Top of Data provided
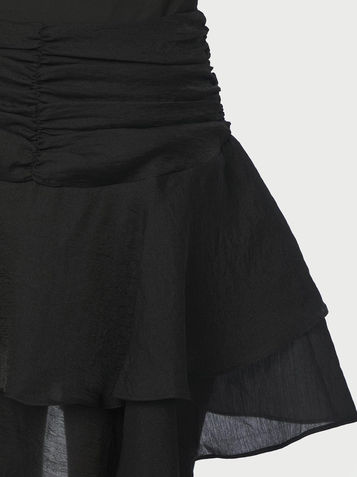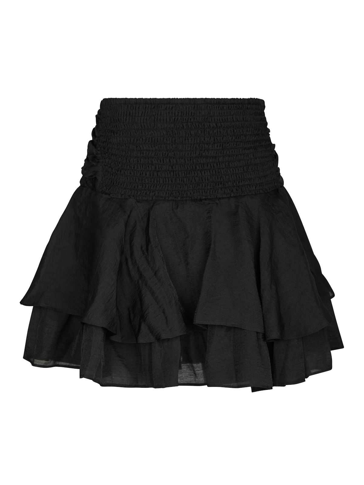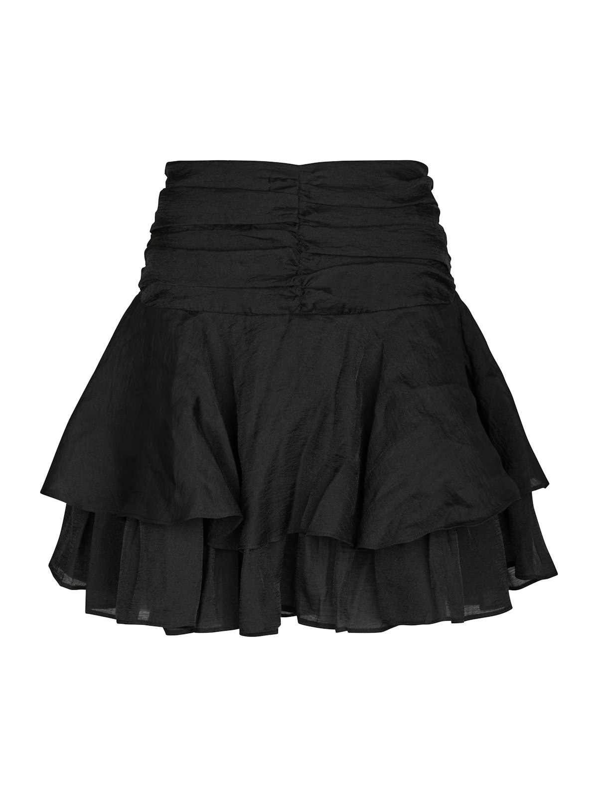 Kort skjørt med en midje med yoke. Det har volanger nederst og elastikk bak. Modellen er 176 cm høy og bruker størrelse 36.
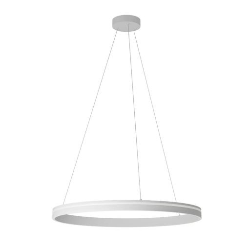 Matt fehér színű fém és alumínium függesztett lámpa szilikon betétes, 79,3cm átmérőjű búrával, beépített LED fényforrással. A lámpa színhőmérséklete állítható meleg, vagy természetes fehér (3000/4000K) színre.
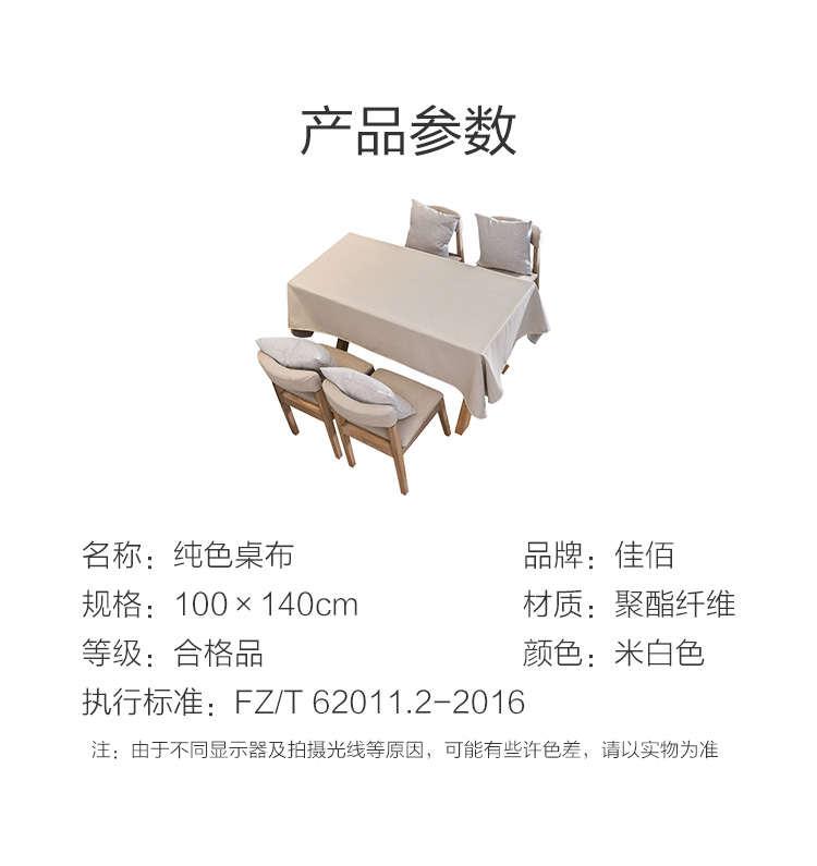 - 商品名称:佳佰 布艺桌布纯色桌垫北欧简约台布茶几布餐桌布 长方形餐桌垫 米白色100cm*140cm
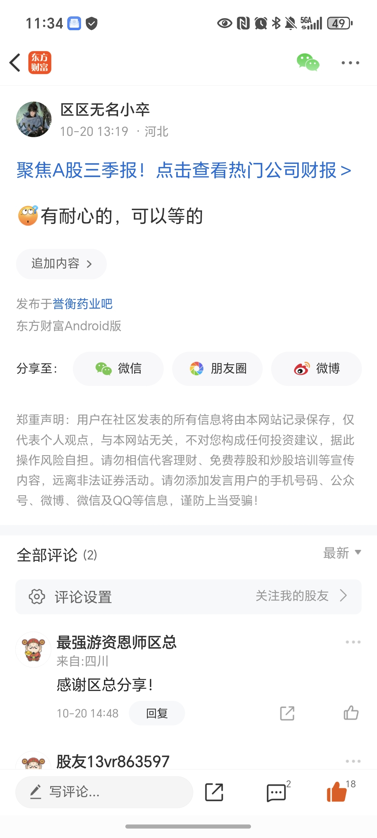 温馨提示: 1.根据《证券法》规定,禁止编造、传播虚假信息或者误导性信息,扰乱证券市场;2.用户在本社区发表的所有资料、言论等仅代表个人观点,与本网站立场无关,不对您构成任何投资建议。用户应基于自己的独立判断,自行决定证券投资并承担相应风险。《东方财富社区管理规定》
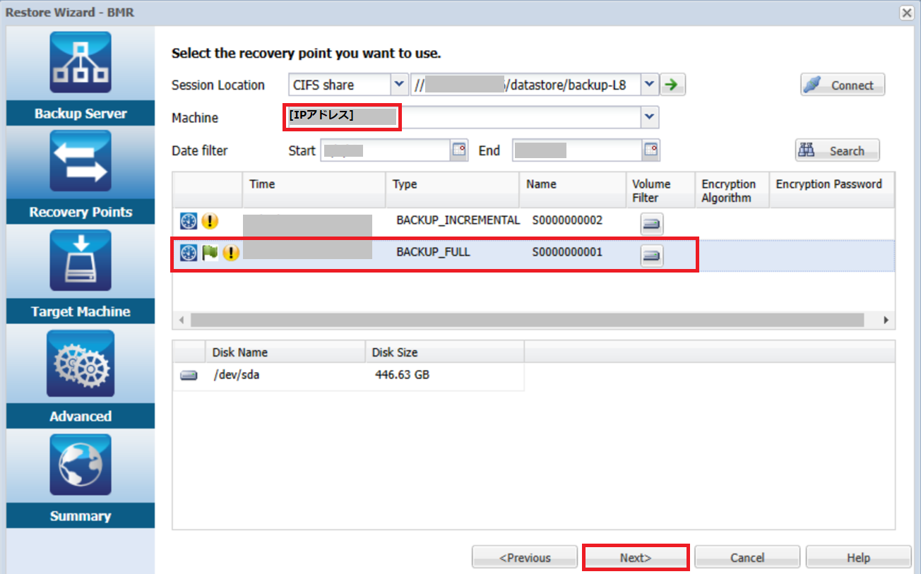 MAC/IPアドレス:リストア先ベアメタルサーバー(復旧メディア接続してISOブートしているサーバ)のIPアドレス
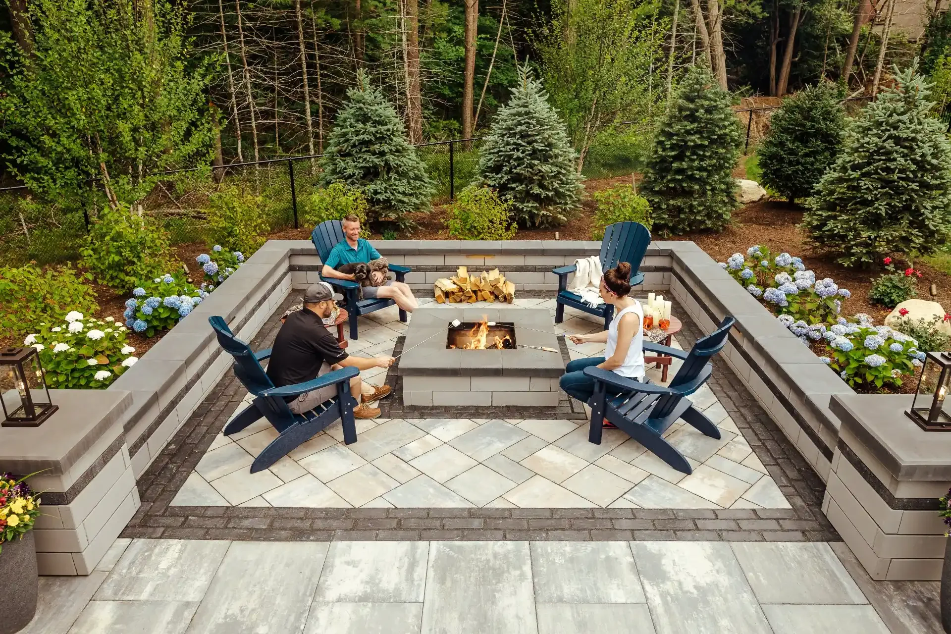 The sunken fire pit lounge sits slightly below the main patio grade, with built-in stack-stone seat walls, planters, Adirondack chairs, and a smokeless gas fire pit. Evergreens press in close on all sides, creating a more private sense of retreat.
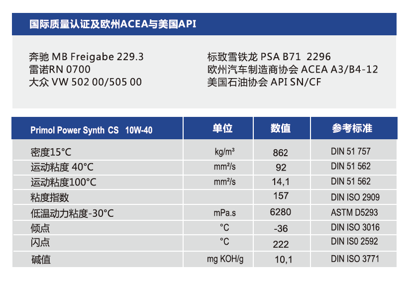 适用机油更换周期长和极端运行条件下的发动机。
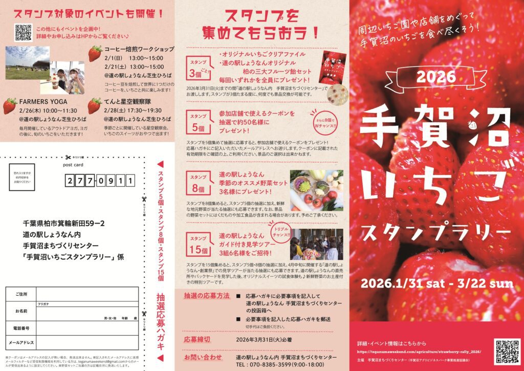 ※抽選に応募される方は、道の駅しょうなん「手賀沼まちづくりセンター」に設置された専用応募ボックスに投函、もしくは郵送(必要事項を記入の上、切手を貼付)をお願いします。
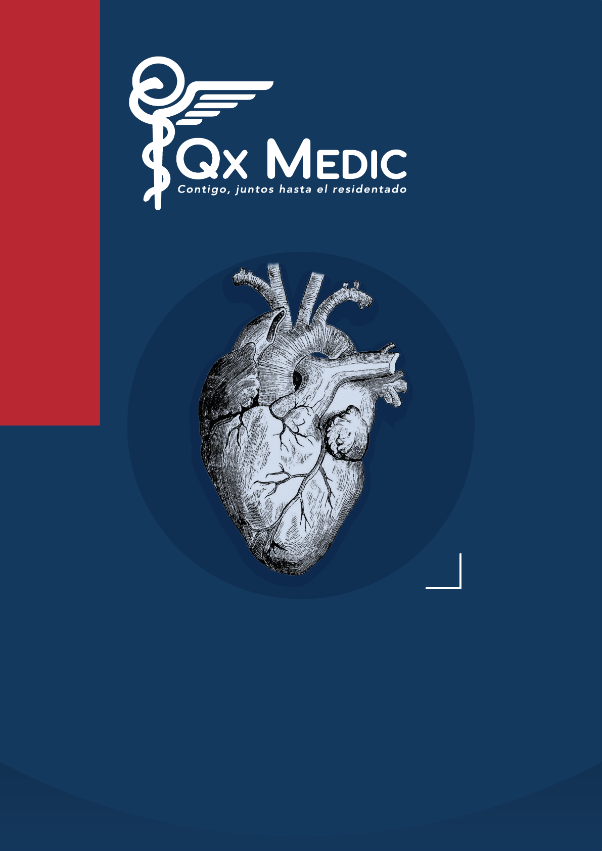 C A R D IO LO G ÍA Residentado Médico Dr. Jaime Torres Grupo Qx Medic ® 2021 ®Grupo Qx MEDIC Dr. Jaime Torres Lima. Perú www.qxmedic.com 01UNIDAD 12: Insuficiencia cardíaca 12.1 Definición........................................................................... 01 12.2 Etiología............................................................................. 01 12.3 Epidemiología.................................................................... 01 12.4 Fisiopatología.................................................................... 01 12.5 Clasifiación......................................................................... 02 12.7 Clasifiación funcional ICC (New York Heart Asociation)... 05 12.8 Clasifiación de la American Heart Association (AHA)....... 05 12.9 Tratamiento........................................................................ 05 12.10 Complicaciones................................................................ 07 12.11 Pronóstico........................................................................ 07 12.6 Diagnóstico........................................................................ 03 23UNIDAD 16: Sepsis 16.1 Definición........................................................................... 23 16.2 Etiología............................................................................. 23 16.3 Factores de riesgo.............................................................. 23 16.4 Fisiopatología..................................................................... 23 16.5 Diagnóstico........................................................................ 24 16.6 Tratamiento....................................................................... 24 08UNIDAD 13: Edema agudo pulmonar cardiogénico 13.1 Definición............................................................................ 08 13.2 Patogenia........................................................................... 08 13.3 Diagnóstico........................................................................ 08 13.4 Tratamiento........................................................................ 08 18UNIDAD 15: Shock 15.1 Definición........................................................................... 18 15.2 Fisiopatología..................................................................... 18 15.3 Clasificación........................................................................ 18 15.4 Tratamiento....................................................................... 22 10UNIDAD 14: Disrritmias 14.1 Definición........................................................................... 10 14.2 Clasificación....................................................................... 10 1 Jaime Torres UNIDAD 12: INSUFICIENCIA CARDÍACA 12.1 DEFINICIÓN Síndrome clínico causado por la alteración del llenado ventricular (↓diástole) o la eyección de sangre (↓sístole), provocando una incapacidad del corazón para mantener un gasto cardiaco adecuado para las demandas metabólicas del organismo. 12.2 ETIOLOGÍA - Las dos principales causas subyacentes (determinantes) son la cardiopatía isquémica y la HTA en el adulto (ENARM 2012) y las cardiopatías congénitas en niños. También tenemos a las miocardiopatías, valvulopatías, etc. - El factor de descompensación (causa desencadenante) más importante es la suspensión del tratamiento (diuréticos), pero también están las infecciones, arritmias, anemia, tormenta tiroidea, crisis de angustia, aumento de sal en la dieta o fármacos como los AINES o calcioantagonistas. 12.3 EPIDEMIOLOGÍA - La incidencia es mayor entre los afroamericanos y los hispanos. - La incidencia aumenta con la edad: ∼ el 10% de las personas > 60 años se ven afectadas. - La cardiopatía sistólica es la forma más común de IC en general. 12.4 FISIOPATOLOGÍA Insuficiencia cardíaca con fracción de eyección reducida (IC sistólica) - Reducción de la contractilidad → disfunción sistólica → disminución de la fracción de eyección ventricular izquierda (FEVI) → ↓ gasto cardíaco Insuficiencia cardíaca con fracción de eyección conservada (IC diastólica) - Disminución del llenado ventricular → disfunción diastólica → aumento de presión diastólica → ↓ gasto cardíaco El común denominador de la insuficiencia cardiaca (IC) es la caída del gasto cardiaco, lo cual activa una serie de mecanismos neurohormonales, que al inicio buscan la homeostasis, pero al final, son deletéreos para la función cardíaca. Se activan el tono simpático (SA) → secretando catecolaminas (norepinefrina) y el sistema renina angiotensina aldosterona (SRA-A) → produciendo angiotensina II → aumenta la secreción de aldosterona y ADH (vasopresina), estas sustancias buscan aumentar la presión y la volemia, así poder compensar la caída del gasto cardiaco y mantener la perfusión de los órganos esenciales. La retención de sodio y agua por el riñón en la insuficiencia cardíaca se debe al flujo sanguíneo renal disminuido (por la ↓GC) y por la fracción de filtración disminuida. Al final se produce un aumento de la poscarga (↑resistencia vascular), así como de la precarga (↑volemia), lo cual genera un remodelado cardiaco (fibrosis, hipertrofia) que se asocia con la mortalidad del paciente. Las sustancias que se contraponen a todos estos mecanismos cardiopatogénicos son los péptidos natriuréticos (PNB), que interpretan la distención de las cavidades cardiacas como una situación real de hipervolemia, induciendo natríuresis (↓precarga), vasodilatación (↓poscarga) y es un antifibrótico (cardioprotector endógeno). Este efecto, sin embargo, es limitado y mucho menor a los anteriormente descritos. Figura 72. Fisiopatología de la insuficiencia cardiaca Las tres causas principales de insuficiencia cardíaca son la enfermedad de las arterias coronarias, la hipertensión (ENARM 2012) y la diabetes mellitus. 2 Jaime Torre
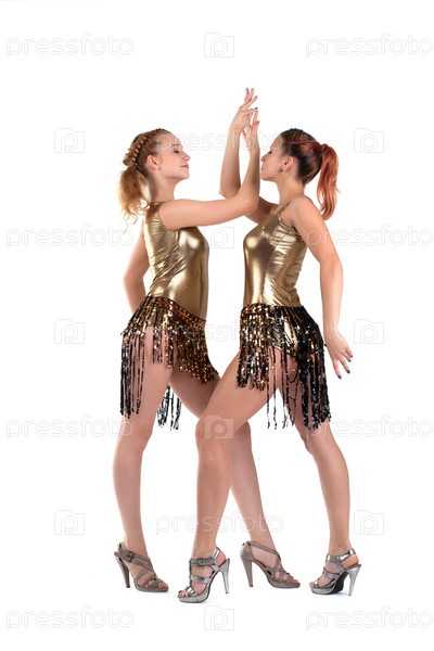 Сексуальные женщины позируют в золотых костюмах го-го, изолированные
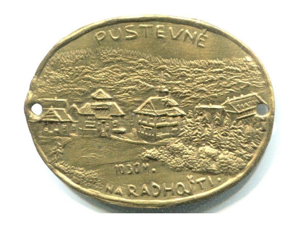 PUSTEVNĚ na Radhošti. Štítek na hůl.
Bottom of Data provided
What you will do
Nothing but the records, copied exactly and stripped of pictures, should be returned.

Response box
 Kort skjørt med en midje med yoke. Det har volanger nederst og elastikk bak. Modellen er 176 cm høy og bruker størrelse 36.
 Matt fehér színű fém és alumínium függesztett lámpa szilikon betétes, 79,3cm átmérőjű búrával, beépített LED fényforrással. A lámpa színhőmérséklete állítható meleg, vagy természetes fehér (3000/4000K) színre.
 - 商品名称:佳佰 布艺桌布纯色桌垫北欧简约台布茶几布餐桌布 长方形餐桌垫 米白色100cm*140cm
 温馨提示: 1.根据《证券法》规定,禁止编造、传播虚假信息或者误导性信息,扰乱证券市场;2.用户在本社区发表的所有资料、言论等仅代表个人观点,与本网站立场无关,不对您构成任何投资建议。用户应基于自己的独立判断,自行决定证券投资并承担相应风险。《东方财富社区管理规定》
 MAC/IPアドレス:リストア先ベアメタルサーバー(復旧メディア接続してISOブートしているサーバ)のIPアドレス
 The sunken fire pit lounge sits slightly below the main patio grade, with built-in stack-stone seat walls, planters, Adirondack chairs, and a smokeless gas fire pit. Evergreens press in close on all sides, creating a more private sense of retreat.
 适用机油更换周期长和极端运行条件下的发动机。
 ※抽選に応募される方は、道の駅しょうなん「手賀沼まちづくりセンター」に設置された専用応募ボックスに投函、もしくは郵送(必要事項を記入の上、切手を貼付)をお願いします。
 C A R D IO LO G ÍA Residentado Médico Dr. Jaime Torres Grupo Qx Medic ® 2021 ®Grupo Qx MEDIC Dr. Jaime Torres Lima. Perú www.qxmedic.com 01UNIDAD 12: Insuficiencia cardíaca 12.1 Definición........................................................................... 01 12.2 Etiología............................................................................. 01 12.3 Epidemiología.................................................................... 01 12.4 Fisiopatología.................................................................... 01 12.5 Clasifiación......................................................................... 02 12.7 Clasifiación funcional ICC (New York Heart Asociation)... 05 12.8 Clasifiación de la American Heart Association (AHA)....... 05 12.9 Tratamiento........................................................................ 05 12.10 Complicaciones................................................................ 07 12.11 Pronóstico........................................................................ 07 12.6 Diagnóstico........................................................................ 03 23UNIDAD 16: Sepsis 16.1 Definición........................................................................... 23 16.2 Etiología............................................................................. 23 16.3 Factores de riesgo.............................................................. 23 16.4 Fisiopatología..................................................................... 23 16.5 Diagnóstico........................................................................ 24 16.6 Tratamiento....................................................................... 24 08UNIDAD 13: Edema agudo pulmonar cardiogénico 13.1 Definición............................................................................ 08 13.2 Patogenia........................................................................... 08 13.3 Diagnóstico........................................................................ 08 13.4 Tratamiento........................................................................ 08 18UNIDAD 15: Shock 15.1 Definición........................................................................... 18 15.2 Fisiopatología..................................................................... 18 15.3 Clasificación........................................................................ 18 15.4 Tratamiento....................................................................... 22 10UNIDAD 14: Disrritmias 14.1 Definición........................................................................... 10 14.2 Clasificación....................................................................... 10 1 Jaime Torres UNIDAD 12: INSUFICIENCIA CARDÍACA 12.1 DEFINICIÓN Síndrome clínico causado por la alteración del llenado ventricular (↓diástole) o la eyección de sangre (↓sístole), provocando una incapacidad del corazón para mantener un gasto cardiaco adecuado para las demandas metabólicas del organismo. 12.2 ETIOLOGÍA - Las dos principales causas subyacentes (determinantes) son la cardiopatía isquémica y la HTA en el adulto (ENARM 2012) y las cardiopatías congénitas en niños. También tenemos a las miocardiopatías, valvulopatías, etc. - El factor de descompensación (causa desencadenante) más importante es la suspensión del tratamiento (diuréticos), pero también están las infecciones, arritmias, anemia, tormenta tiroidea, crisis de angustia, aumento de sal en la dieta o fármacos como los AINES o calcioantagonistas. 12.3 EPIDEMIOLOGÍA - La incidencia es mayor entre los afroamericanos y los hispanos. - La incidencia aumenta con la edad: ∼ el 10% de las personas > 60 años se ven afectadas. - La cardiopatía sistólica es la forma más común de IC en general. 12.4 FISIOPATOLOGÍA Insuficiencia cardíaca con fracción de eyección reducida (IC sistólica) - Reducción de la contractilidad → disfunción sistólica → disminución de la fracción de eyección ventricular izquierda (FEVI) → ↓ gasto cardíaco Insuficiencia cardíaca con fracción de eyección conservada (IC diastólica) - Disminución del llenado ventricular → disfunción diastólica → aumento de presión diastólica → ↓ gasto cardíaco El común denominador de la insuficiencia cardiaca (IC) es la caída del gasto cardiaco, lo cual activa una serie de mecanismos neurohormonales, que al inicio buscan la homeostasis, pero al final, son deletéreos para la función cardíaca. Se activan el tono simpático (SA) → secretando catecolaminas (norepinefrina) y el sistema renina angiotensina aldosterona (SRA-A) → produciendo angiotensina II → aumenta la secreción de aldosterona y ADH (vasopresina), estas sustancias buscan aumentar la presión y la volemia, así poder compensar la caída del gasto cardiaco y mantener la perfusión de los órganos esenciales. La retención de sodio y agua por el riñón en la insuficiencia cardíaca se debe al flujo sanguíneo renal disminuido (por la ↓GC) y por la fracción de filtración disminuida. Al final se produce un aumento de la poscarga (↑resistencia vascular), así como de la precarga (↑volemia), lo cual genera un remodelado cardiaco (fibrosis, hipertrofia) que se asocia con la mortalidad del paciente. Las sustancias que se contraponen a todos estos mecanismos cardiopatogénicos son los péptidos natriuréticos (PNB), que interpretan la distención de las cavidades cardiacas como una situación real de hipervolemia, induciendo natríuresis (↓precarga), vasodilatación (↓poscarga) y es un antifibrótico (cardioprotector endógeno). Este efecto, sin embargo, es limitado y mucho menor a los anteriormente descritos. Figura 72. Fisiopatología de la insuficiencia cardiaca Las tres causas principales de insuficiencia cardíaca son la enfermedad de las arterias coronarias, la hipertensión (ENARM 2012) y la diabetes mellitus. 2 Jaime Torre
 Сексуальные женщины позируют в золотых костюмах го-го, изолированные
 PUSTEVNĚ na Radhošti. Štítek na hůl.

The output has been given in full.